### Work task
In your copy of the listing below, reproduce each word exactly and include no pictures.

### Input data

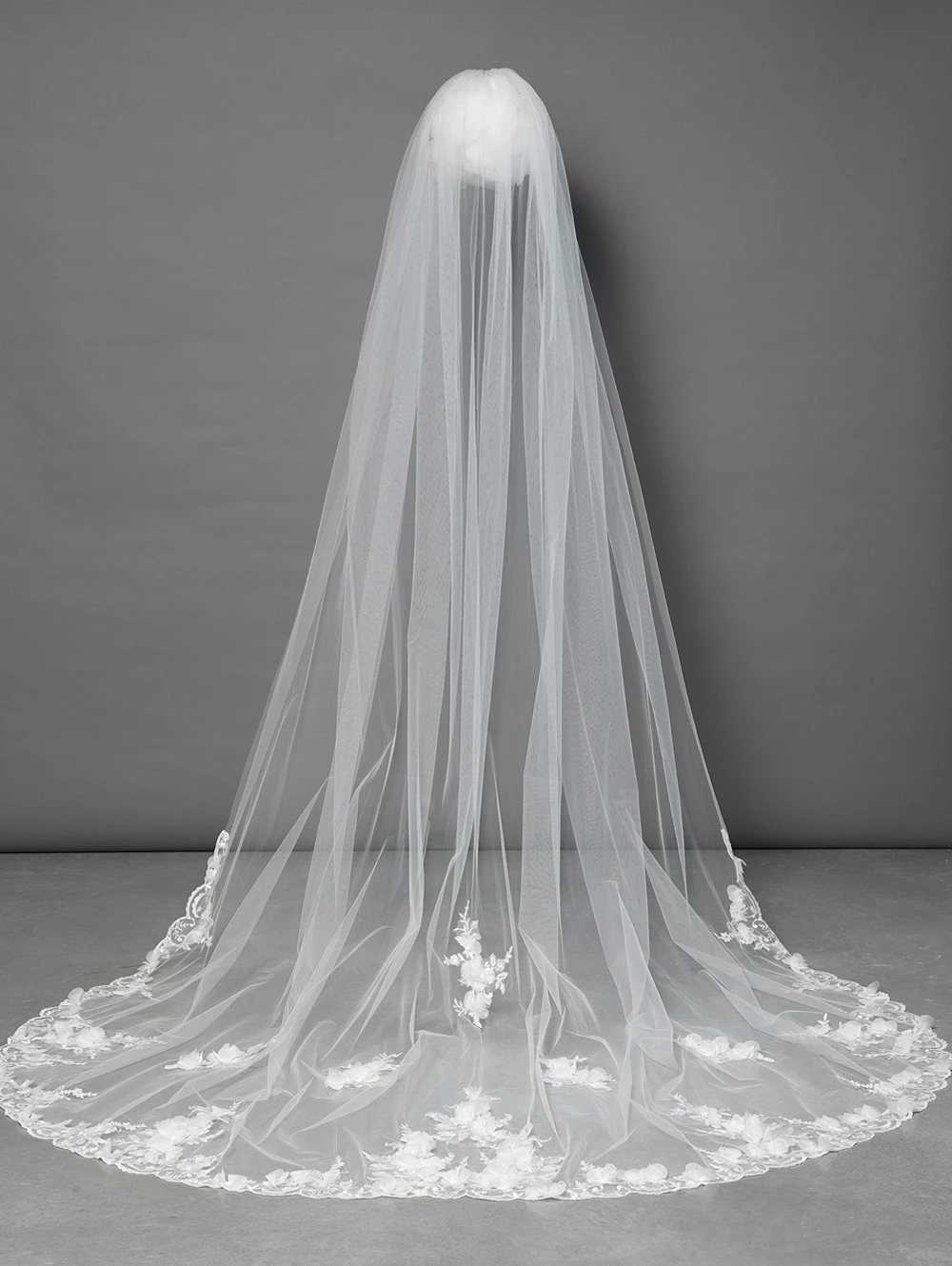 Poirier Enkellaagse Sluier Met Luxe Bloemversiering S117-300/1/MED
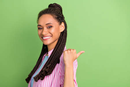 Photo of cute shiny dark skin woman dressed striped shirt pointing thumb up back empty space smiling isolated green color background
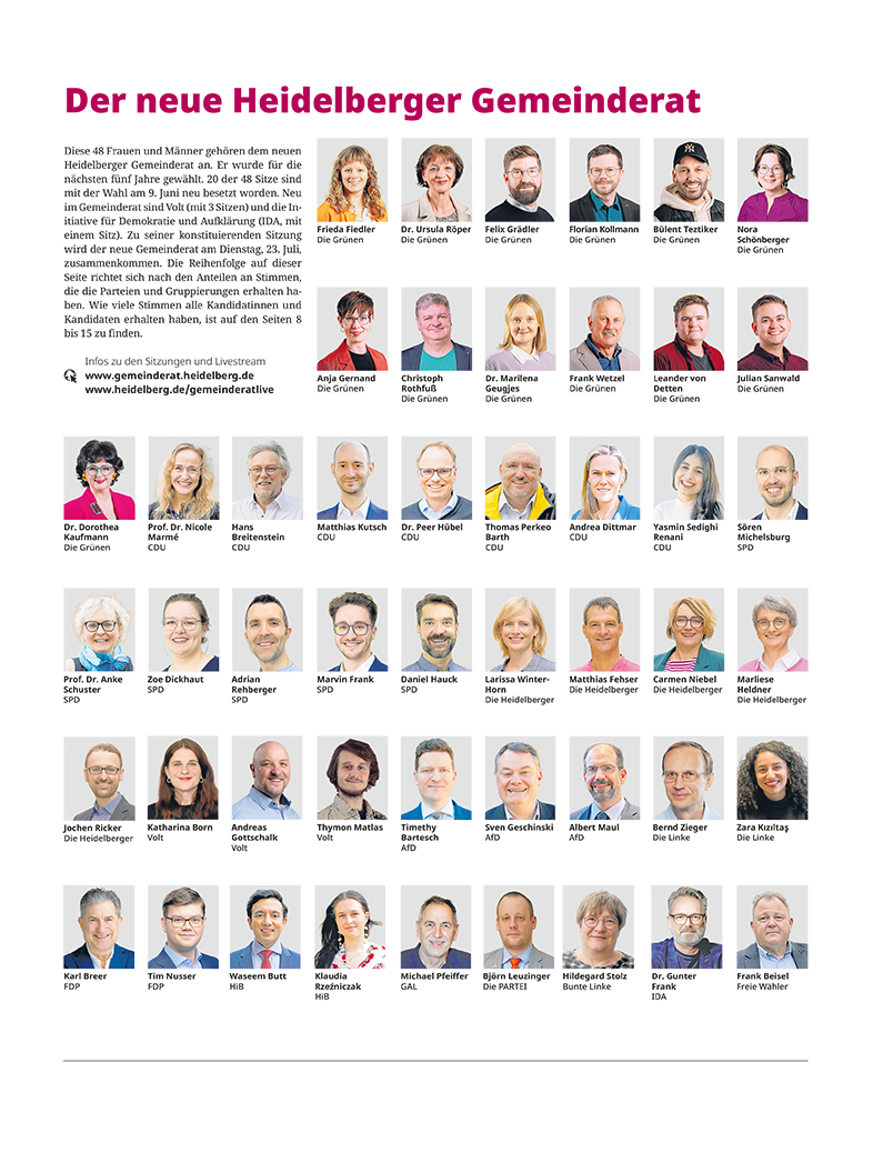 Die Tagesordnung und Sitzungsunterlagen gibt es auf www.gemeinderat.heidelberg.de
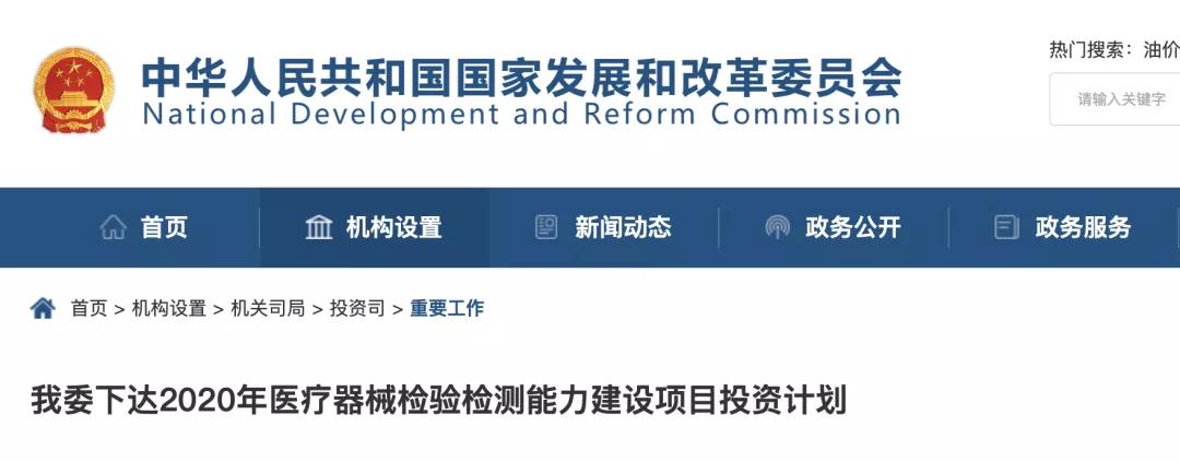 日前,據國家發改委消息,根據國家藥品安全規劃,近日我委向京津冀協同發展、“一帶一路”建設、長江經濟帶發展、粵港澳大灣區建設、長三角一體化發展等國家發展戰略區域有關省份下達了2020年醫療器械檢測能力項目投資計劃。

### Task answer
 Poirier Enkellaagse Sluier Met Luxe Bloemversiering S117-300/1/MED
 Photo of cute shiny dark skin woman dressed striped shirt pointing thumb up back empty space smiling isolated green color background
 Die Tagesordnung und Sitzungsunterlagen gibt es auf www.gemeinderat.heidelberg.de
 日前,據國家發改委消息,根據國家藥品安全規劃,近日我委向京津冀協同發展、“一帶一路”建設、長江經濟帶發展、粵港澳大灣區建設、長三角一體化發展等國家發展戰略區域有關省份下達了2020年醫療器械檢測能力項目投資計劃。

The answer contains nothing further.